A few weeks ago, I posted a query about warped 12-inch aluminum PowerBooks. People continue to post short notes about their own experiences. What I’m wondering now is the continuation of that story: is Apple servicing these units with the results you expect? Do they listen, send you a box, replace or repair it, and return it, or are you getting hassled about normal wear and tear?

The stories that I’ve followed up on, people have fixed the case themselves through mild pressure or stacking books on top (both make me nervous), lived with it (for the time being), or had Apple service it with a minimum of fuss with just one exception — in which Apple eventually did take care of it.

Posted by Glennf at 3:32 PM | Comments (1) | TrackBack

Back from the Bosque Nuboso

By Glenn Fleishman

My wife and I are back from the cloud forest (bosque nuboso) and rain forest (bosque lluvia?) of Costa Rica, where we were attending a wedding and then had a short side trip. Lovely country, lovely people, great times. Photos to come.

Posted by Glennf at 3:30 PM | Comments (1) | TrackBack

May 5, 2003

BBC News on Download Fiasco

By Glenn Fleishman

BBC News Online wrote about my bandwidth problem and its resolution. I think there’s a large problem out there of which I can find only examples. I expect that this problem will grow — the disproportionate amount of traffic to a site that isn’t expecting it, and an owner being charged enormous amounts.

The trick? Be unpopular.

Posted by Glennf at 7:57 AM | Comments (1) | TrackBack

May 3, 2003

isbn.nu High on Bandwidth

By Glenn Fleishman

Many of you all know that I run a book price comparison site that checks on prices at a bunch of online bookstores based on the title(s) you select. It’s a good moneymaker, and a great way for me to try out ideas and learn about programming.

The traffic to the site had gotten high enough that our office 768 Kbps DSL line couldn’t support it: we weren’t saturating our bandwidth, but we were filling it quite close most of the time.

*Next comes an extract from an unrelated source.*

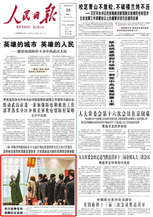 2月25日,《人民日?qǐng)?bào)》刊登題為《開(kāi)行免費(fèi)專列 保障安全返崗》的報(bào)道,聚焦川籍務(wù)工人員的免費(fèi)返崗專列。

This line serves our regular needs as well as a bunch of locally hosted sites and isbn.nu.

I decided to follow the precept that if you’re bandwidth limited and you get money based on traffic — in my case through sales that result from clickthroughs on book prices — that removing the bandwidth cap should increase one’s revenue.

I signed a contract to use digital.forest, a nearly 10-year-old hosting and colocation firm. For about $300 per month, they give me up to 10 Mbps. I pay $1 a gigabyte when I exceed a preset amount each month.

One of my decisions was whether to stick with Linux, or move to FreeBSD or Mac OS X Server. After discussing it with the digital.forest folks, I decided to spent a little extra money and get a dual-1.33 GHz Apple Xserve. It has a lot of nice features, including a pretty way to expand storage. I put an extra gig of RAM in for a total of 1.5 Gb.

Since moving services over early this last week, I’ve watched bandwidth use grow from a few tens of Kbps up to an average during the day of over 1500 Kbps, sometimes peaking almost twice as high. So far, I’m not seeing the financial returns: several affiliate programs let me see the results of sales immediately or within a day.

But I can’t be feeding out that much more bandwidth and speeding up the system and not seeing results. Because I have to retrieve XML and similar documents from each bookstore for each search, being on a 10 Mbps Internet feed allows the searches to happen that much faster. Latency is lower. And the Xserve is somewhat more zippy than the previous isbn.nu box.

This also allows me to have the horsepower in my office to build database more frequently. I’m currently nearly two days into a database build of all the subject, author, publication date, and related databases used for isbn.nu searches. It’ll take about five or six hours to transfer these databases over from my site to digital.forest, so I’ll copy them in the middle of the night.

When I get clever, I’ll wind up automating the database build and copy so that each week, when I have a new feed from my source, it’ll run the build, and, when finished, initiate a mirror operation.

My only problem will be that once I get on that cycle, I’ll need to make sure that I put in another hard drive on the Xserve just for these mirrored databases — otherwise I’ll forget about it for a few weeks and the machine will start screaming about out of disk storage!